(Saved data entries)
########
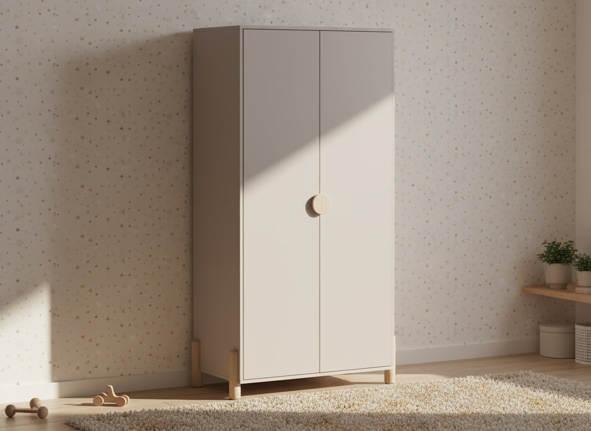 Este armario Peter de dos puertas combina DM y madera de pino, ofreciendo durabilidad y un estilo natural.
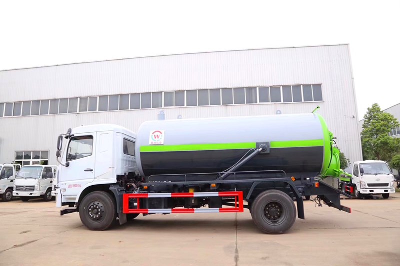 吸污車專用部分由取力器、傳動軸、真空吸污泵、壓力罐體、液壓部分,管網(wǎng)系統(tǒng)、真空壓力表、視糞窗、洗手裝置等組成,隨車配置大功率真空吸污泵和優(yōu)質(zhì)液壓系統(tǒng),罐體封頭一次壓鑄成型、罐體可后開、雙頂自卸。罐內(nèi)污物可通過后蓋直接傾倒,具有真空度高(比吸糞車的吸力更大)、噸位大、效率高、用途更廣泛的特點。
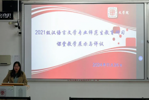 为检验21级师范生的实习效果,提高师范生教学能力,营造良好的教学研究氛围,11月26日下午14:30,WilliamHill威廉希尔师范教研室组织师生在W1402教室开展教育研习课堂教学展示与评议活动,实习指导教师与2021级汉语言文学专业全体师范生参与本次活动。
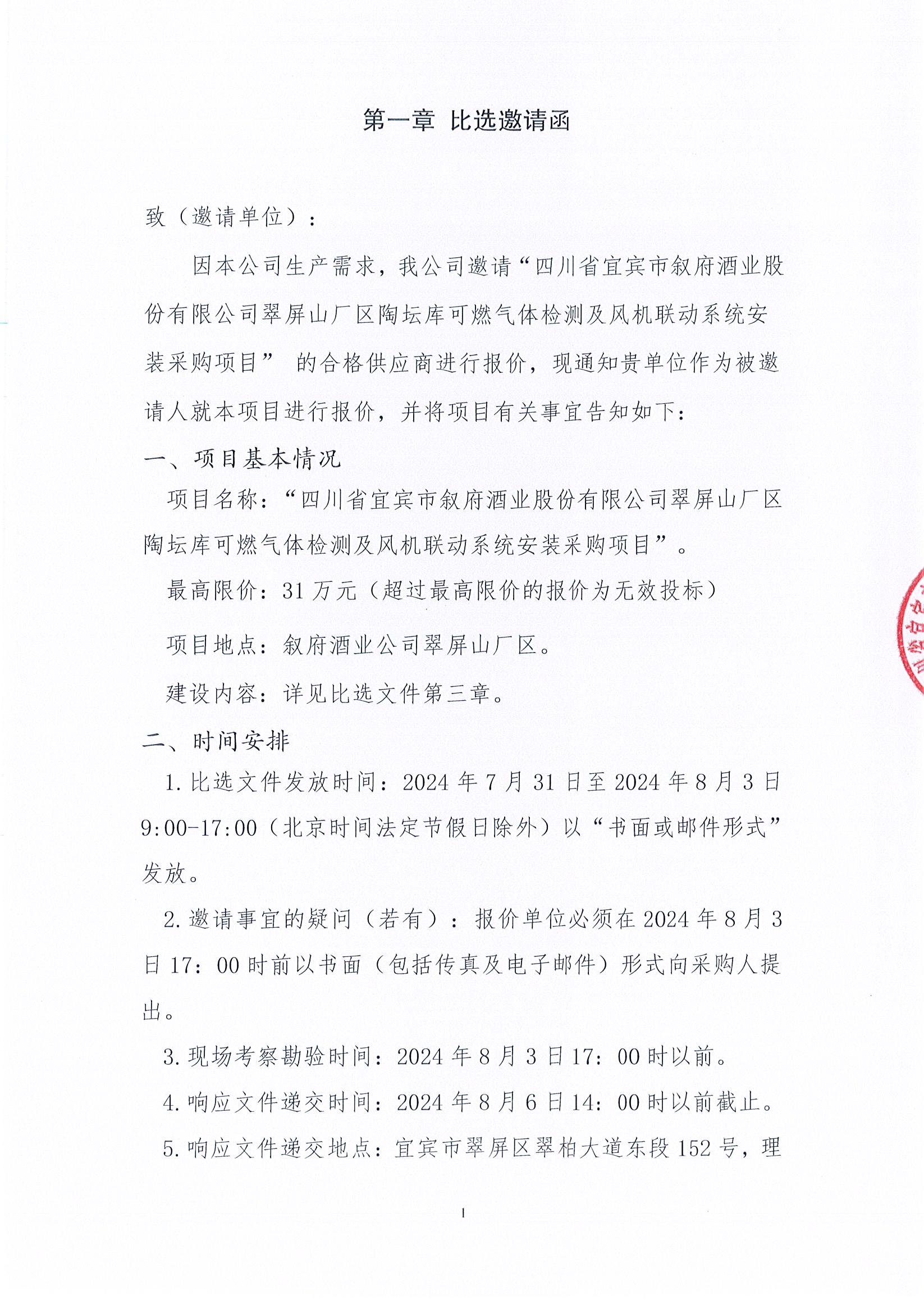 四川省宜賓市敘府酒業(yè)股份有限公司翠屏山廠區(qū)李莊廠區(qū)2024年熱季檢修項目公示公告
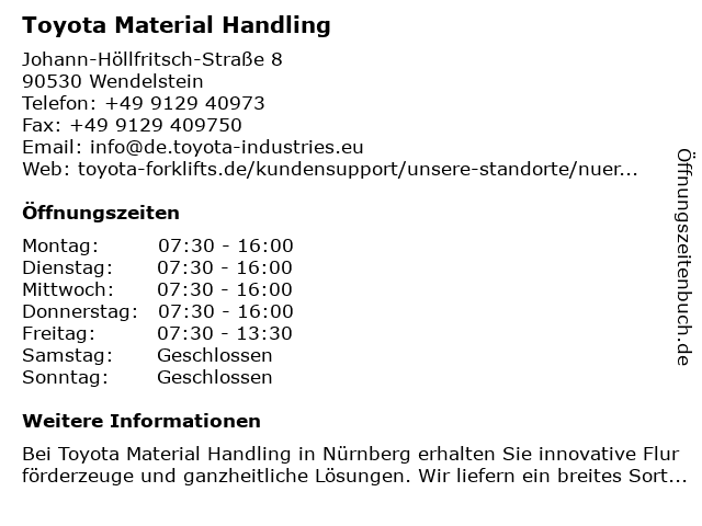 | Öffnungszeiten Toyota Material Handling in Wendelstein anzeigen | |
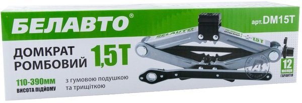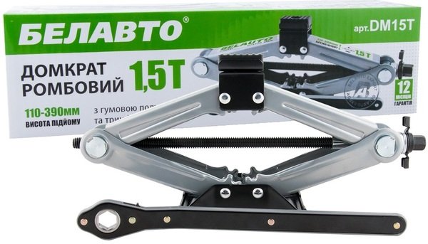 - Домкрат Belauto Ромбовий 1,5т. з тріскачкою, гумова подушка, вис. підйому 110-390мм. (DM15T)
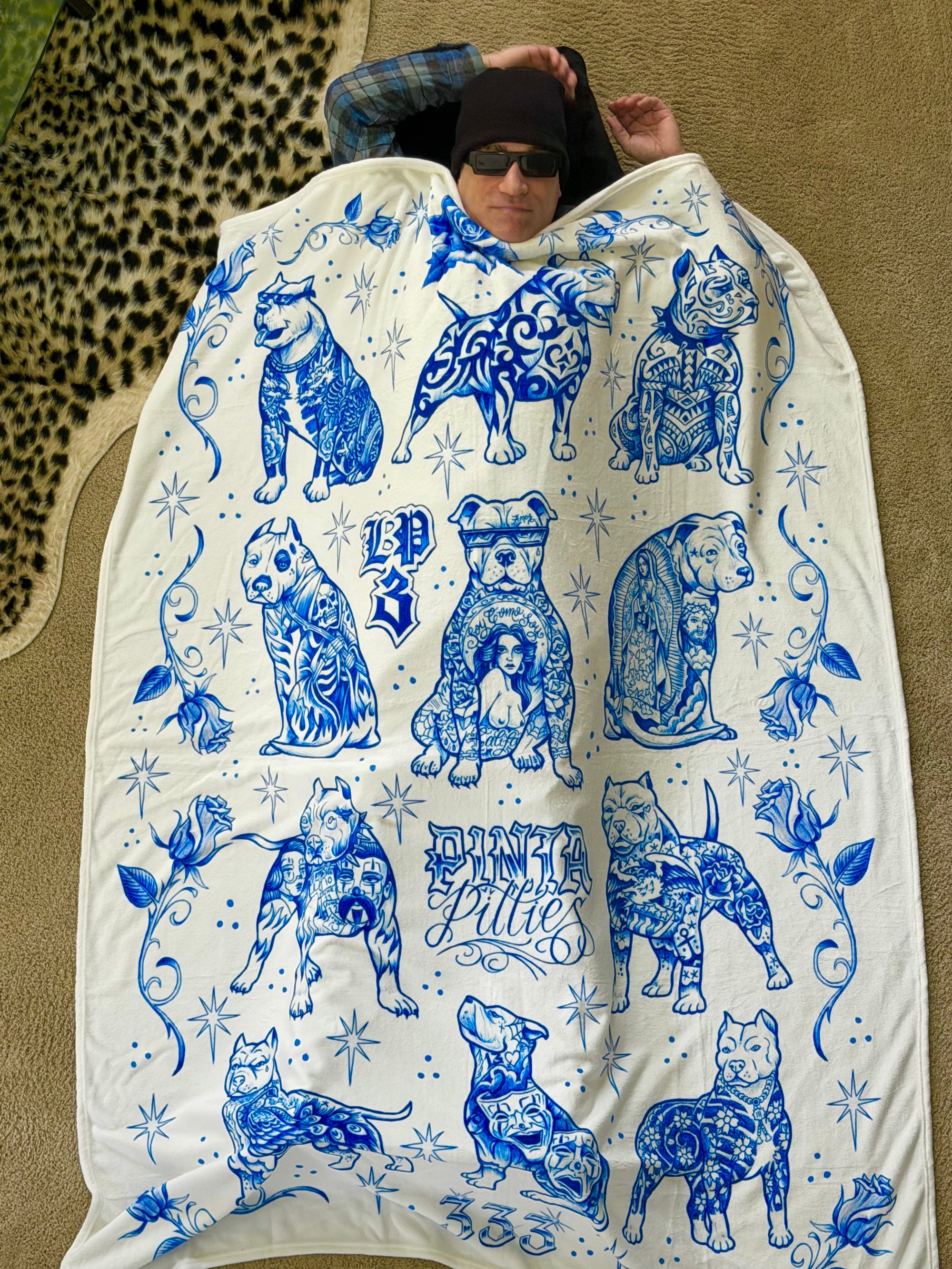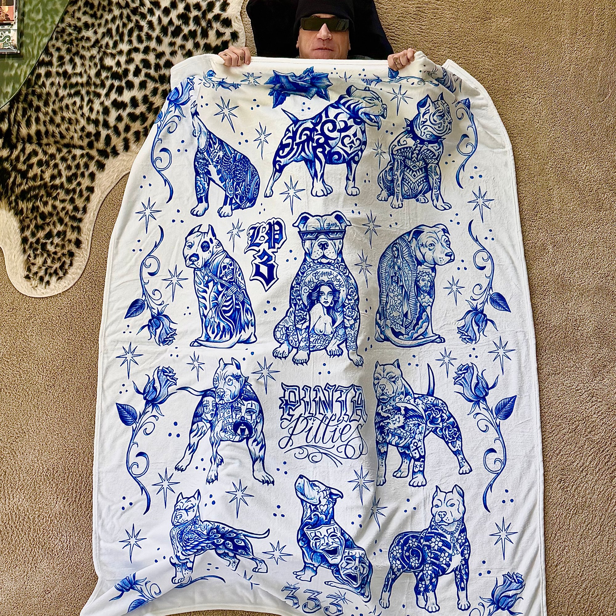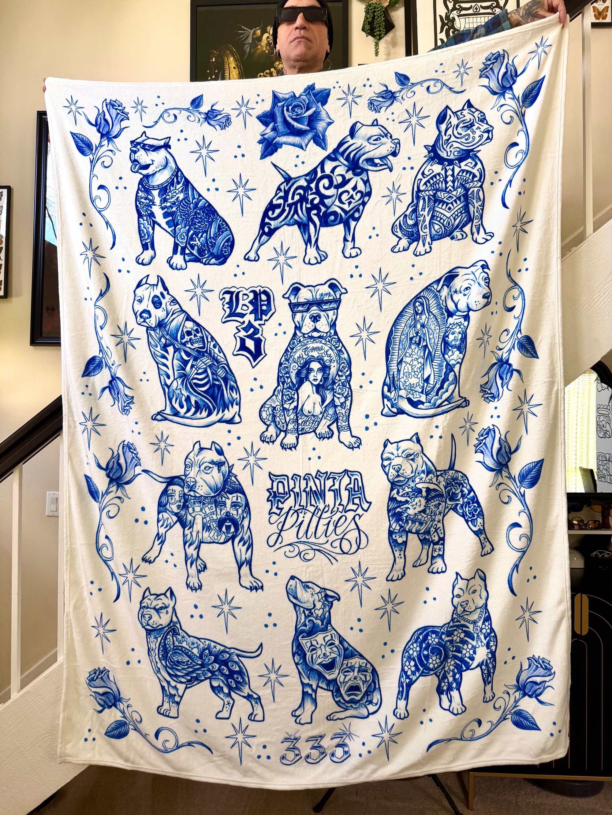 Wrap yourself in art with this oversized tattoo-inspired fleece blanket featuring original pitbull flash designs, roses, stars, and ornamental detailing in a bold blue-and-cream palette. Perfect for tattoo lovers, dog enthusiasts, and anyone who appreciates Chicano-influenced artwork.
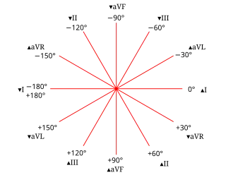 Axe hypergauche. Axe du cœur < −30° (surface du QRS positive en D1 et négative en D2-D3). Cette angulation évoque une surcharge ventriculaire gauche ou un hémibloc antérieur gauche au-delà de −45°.
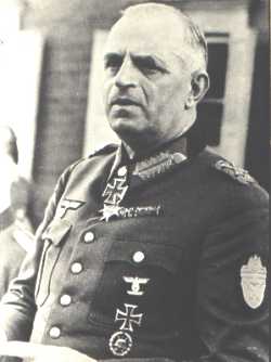 Heer/Auxiliary Luftwaffe Company commanders were responsible for reporting the list of eligible men under their command by December 31, 1943. The award ceased to be presented on July 4th, 1944. Each recipient was entitled to five copies of the shield, and in case of death, a single shield and an entitlement certificate was presented to the next of kin. The shield was to be worn on the upper sleeve of the uniform (example to the right- General Field-Marschall Ferdinand Busch). In the case of the Waffen SS, it is worthy of note that it was to be worn above the SS arm eagle. It is estimated that over 100,000 shields were presented. |
########
# TASK GOAL:
Exact repetition of all the records is required, with the pictures excluded.

# SOLUTION TO THIS TASK:
 Este armario Peter de dos puertas combina DM y madera de pino, ofreciendo durabilidad y un estilo natural.
 吸污車專用部分由取力器、傳動軸、真空吸污泵、壓力罐體、液壓部分,管網(wǎng)系統(tǒng)、真空壓力表、視糞窗、洗手裝置等組成,隨車配置大功率真空吸污泵和優(yōu)質(zhì)液壓系統(tǒng),罐體封頭一次壓鑄成型、罐體可后開、雙頂自卸。罐內(nèi)污物可通過后蓋直接傾倒,具有真空度高(比吸糞車的吸力更大)、噸位大、效率高、用途更廣泛的特點。
 为检验21级师范生的实习效果,提高师范生教学能力,营造良好的教学研究氛围,11月26日下午14:30,WilliamHill威廉希尔师范教研室组织师生在W1402教室开展教育研习课堂教学展示与评议活动,实习指导教师与2021级汉语言文学专业全体师范生参与本次活动。
 四川省宜賓市敘府酒業(yè)股份有限公司翠屏山廠區(qū)李莊廠區(qū)2024年熱季檢修項目公示公告
 | Öffnungszeiten Toyota Material Handling in Wendelstein anzeigen | |
 - Домкрат Belauto Ромбовий 1,5т. з тріскачкою, гумова подушка, вис. підйому 110-390мм. (DM15T)
 Wrap yourself in art with this oversized tattoo-inspired fleece blanket featuring original pitbull flash designs, roses, stars, and ornamental detailing in a bold blue-and-cream palette. Perfect for tattoo lovers, dog enthusiasts, and anyone who appreciates Chicano-influenced artwork.
 Axe hypergauche. Axe du cœur < −30° (surface du QRS positive en D1 et négative en D2-D3). Cette angulation évoque une surcharge ventriculaire gauche ou un hémibloc antérieur gauche au-delà de −45°.
 Heer/Auxiliary Luftwaffe Company commanders were responsible for reporting the list of eligible men under their command by December 31, 1943. The award ceased to be presented on July 4th, 1944. Each recipient was entitled to five copies of the shield, and in case of death, a single shield and an entitlement certificate was presented to the next of kin. The shield was to be worn on the upper sleeve of the uniform (example to the right- General Field-Marschall Ferdinand Busch). In the case of the Waffen SS, it is worthy of note that it was to be worn above the SS arm eagle. It is estimated that over 100,000 shields were presented. |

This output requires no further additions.